WASHINGTON – The chairman of the U.S. bishops’ Committee on International Justice and Peace praised the Senate for ratifying a new arms control treaty with Russia Dec. 22, saying it was important that senators “joined across party lines” to support the New START treaty.
“The Holy See and our bishops’ conference have long supported efforts to promote nuclear disarmament and nonproliferation based on the church’s moral concern for indiscriminate and disproportionate weapons,” said Bishop Howard J. Hubbard of Albany, N.Y.
The Strategic Arms Reduction Treaty was signed April 8 in Prague by U.S. President Barack Obama and Russian President Dmitry Medvedev. The accord was ratified by the Senate in a 71-26 vote, and it still must be approved by Russia’s lawmakers.
It calls for both countries to reduce their strategic arsenals – weapons deployed on long-range missiles, bombers and submarines – to 1,550 each.

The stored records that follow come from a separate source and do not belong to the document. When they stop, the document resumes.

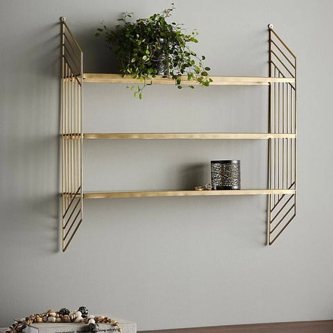 Veggoppbevaring i messing, som enkelt kan organiseres slik man ønsker. Beholdere henger på ved hjelp av kroker. Pent brukt, men har fått et lite merke på undersiden av den ene beholderen.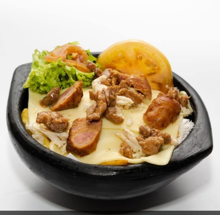 Carne, salchicha ranchera, tocineta, queso cheddar, aros de cebolla, arepa, cuadritos de cerdo en salsa BBQ, queso doble crema, papa chip, cuadros de piña, tomate, lechuga y salsa de la casa, acompañada de papa a la francesa o papa amarilla.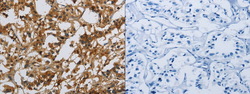 - The image on the left is immunohistochemistry of paraffin-embedded Human gastric cancer tissue using (CMTM8 Antibody) at dilution 1/40, on the right is treated with synthetic peptide. (Original magnification: ?200)

Under the previous START pact, which expired in December 2009, both countries reduced their strategic arsenals to 2,200 weapons each.
Sen. John Kerry, D-Mass., who as chairman of the Committee on Foreign Relations steered the pact through the Senate, said ratification “makes a statement about the United States of America as a whole, not just the president.”
“It says we’re a country in which, even in contentious times, where 100 senators have a responsibility, 71 of them came together … and articulated the direction the U.S. wants to go with respect to nuclear weapons,” Kerry added.
Other prominent Democrats who supported ratification included Sen. Dianne Feinstein, D-Calif., chairwoman of the Select Committee on Intelligence. All 56 Democratic senators voted for it, as did 13 Republicans and the chamber’s two Independents.
In the days leading up to the vote, Bishop Hubbard twice called on senators to ratify the New START pact, saying it was an urgent matter and would send “a clear and moral message to the world.”
He outlined the church’s long support for nuclear arms reduction, extending back to the Cold War. He said the U.S. bishops, as well as Pope Benedict XVI, have maintained that the reduction and eventual elimination of nuclear weapons is required in order to hold up the dignity of human life.
“Pope Benedict XVI has asserted that in nuclear war, there will be no victors, only victims,” Bishop Hubbard said.
Joining the bishop in a nationwide telephone news conference Dec. 7, the Rev. Leith Anderson, president of the National Association of Evangelicals, also urged the Senate to act by the end of the 2010 rather than to delay a decision until the new Congress convenes in January.